Below are records with pictures. Reproduce exactly the lines from the line with "Mayones Regius 7" to the line with "表彰大会在各基层党委风采展示", inclusive, and leave each picture out.

- Supplied records:
* * * * * * *

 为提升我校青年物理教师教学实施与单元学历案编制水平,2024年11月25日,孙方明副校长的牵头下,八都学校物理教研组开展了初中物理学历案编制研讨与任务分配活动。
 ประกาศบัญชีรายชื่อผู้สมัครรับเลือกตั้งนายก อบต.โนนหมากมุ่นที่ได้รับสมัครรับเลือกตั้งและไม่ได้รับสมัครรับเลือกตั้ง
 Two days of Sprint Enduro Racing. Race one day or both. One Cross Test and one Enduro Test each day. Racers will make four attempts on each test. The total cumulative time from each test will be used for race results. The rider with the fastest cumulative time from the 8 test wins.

* * * * * * *

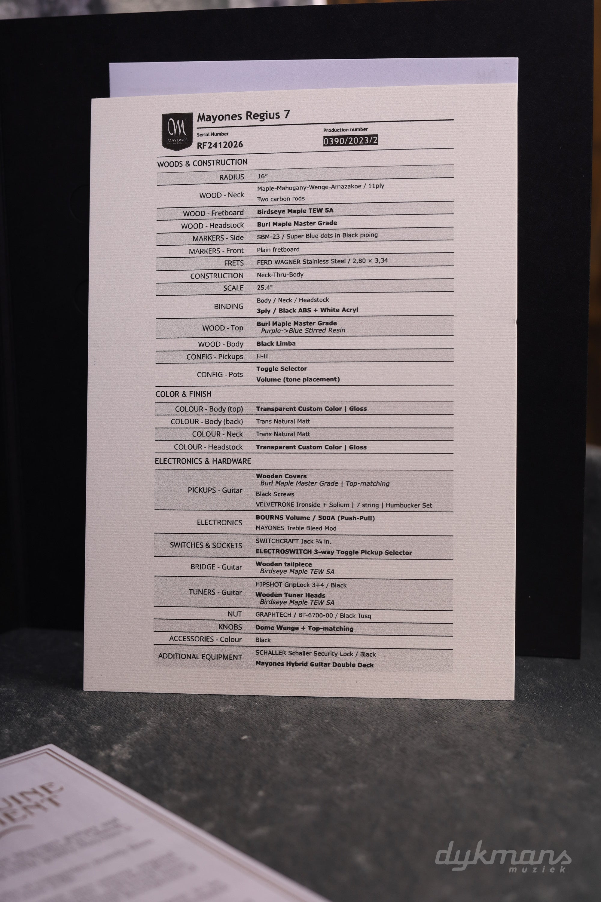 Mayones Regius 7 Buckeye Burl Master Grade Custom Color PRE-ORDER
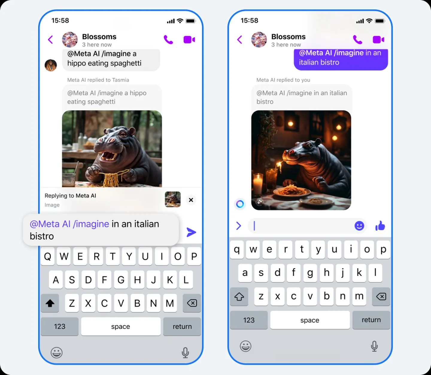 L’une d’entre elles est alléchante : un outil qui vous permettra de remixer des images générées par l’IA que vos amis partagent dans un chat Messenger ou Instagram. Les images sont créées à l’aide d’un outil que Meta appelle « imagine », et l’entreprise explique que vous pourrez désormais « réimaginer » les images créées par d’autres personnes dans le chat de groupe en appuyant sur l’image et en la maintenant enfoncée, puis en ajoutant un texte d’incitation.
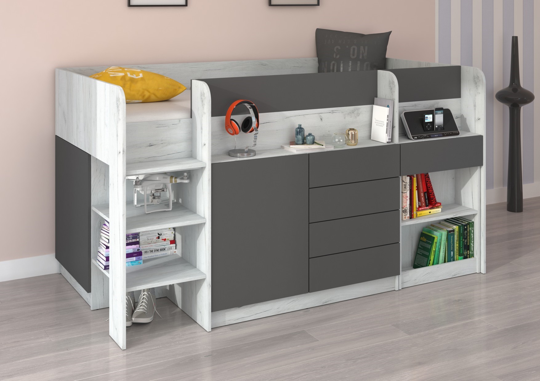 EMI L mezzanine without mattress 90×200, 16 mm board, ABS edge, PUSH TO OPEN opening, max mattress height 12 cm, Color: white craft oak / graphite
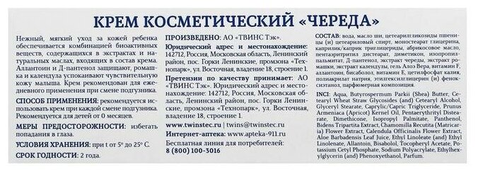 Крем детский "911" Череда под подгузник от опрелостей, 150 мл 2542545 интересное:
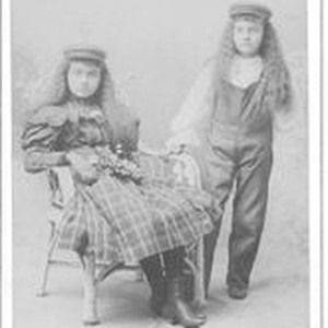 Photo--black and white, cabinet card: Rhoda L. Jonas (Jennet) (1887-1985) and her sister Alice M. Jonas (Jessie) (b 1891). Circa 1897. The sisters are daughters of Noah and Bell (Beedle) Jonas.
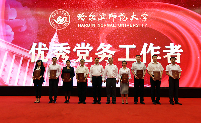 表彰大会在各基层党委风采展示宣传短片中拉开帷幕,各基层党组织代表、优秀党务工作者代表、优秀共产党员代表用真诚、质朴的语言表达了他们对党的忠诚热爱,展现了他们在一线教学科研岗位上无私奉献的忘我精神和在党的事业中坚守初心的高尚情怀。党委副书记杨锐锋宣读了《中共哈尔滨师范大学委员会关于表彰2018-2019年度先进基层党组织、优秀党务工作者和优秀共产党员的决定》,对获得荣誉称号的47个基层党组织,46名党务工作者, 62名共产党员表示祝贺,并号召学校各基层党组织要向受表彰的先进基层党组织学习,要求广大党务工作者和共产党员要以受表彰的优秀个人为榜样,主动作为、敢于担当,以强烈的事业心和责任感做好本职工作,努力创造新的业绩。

* * * * * * *

- Solution to the problem:
 Mayones Regius 7 Buckeye Burl Master Grade Custom Color PRE-ORDER
 L’une d’entre elles est alléchante : un outil qui vous permettra de remixer des images générées par l’IA que vos amis partagent dans un chat Messenger ou Instagram. Les images sont créées à l’aide d’un outil que Meta appelle « imagine », et l’entreprise explique que vous pourrez désormais « réimaginer » les images créées par d’autres personnes dans le chat de groupe en appuyant sur l’image et en la maintenant enfoncée, puis en ajoutant un texte d’incitation.
 EMI L mezzanine without mattress 90×200, 16 mm board, ABS edge, PUSH TO OPEN opening, max mattress height 12 cm, Color: white craft oak / graphite
 Крем детский "911" Череда под подгузник от опрелостей, 150 мл 2542545 интересное:
 Photo--black and white, cabinet card: Rhoda L. Jonas (Jennet) (1887-1985) and her sister Alice M. Jonas (Jessie) (b 1891). Circa 1897. The sisters are daughters of Noah and Bell (Beedle) Jonas.
 表彰大会在各基层党委风采展示宣传短片中拉开帷幕,各基层党组织代表、优秀党务工作者代表、优秀共产党员代表用真诚、质朴的语言表达了他们对党的忠诚热爱,展现了他们在一线教学科研岗位上无私奉献的忘我精神和在党的事业中坚守初心的高尚情怀。党委副书记杨锐锋宣读了《中共哈尔滨师范大学委员会关于表彰2018-2019年度先进基层党组织、优秀党务工作者和优秀共产党员的决定》,对获得荣誉称号的47个基层党组织,46名党务工作者, 62名共产党员表示祝贺,并号召学校各基层党组织要向受表彰的先进基层党组织学习,要求广大党务工作者和共产党员要以受表彰的优秀个人为榜样,主动作为、敢于担当,以强烈的事业心和责任感做好本职工作,努力创造新的业绩。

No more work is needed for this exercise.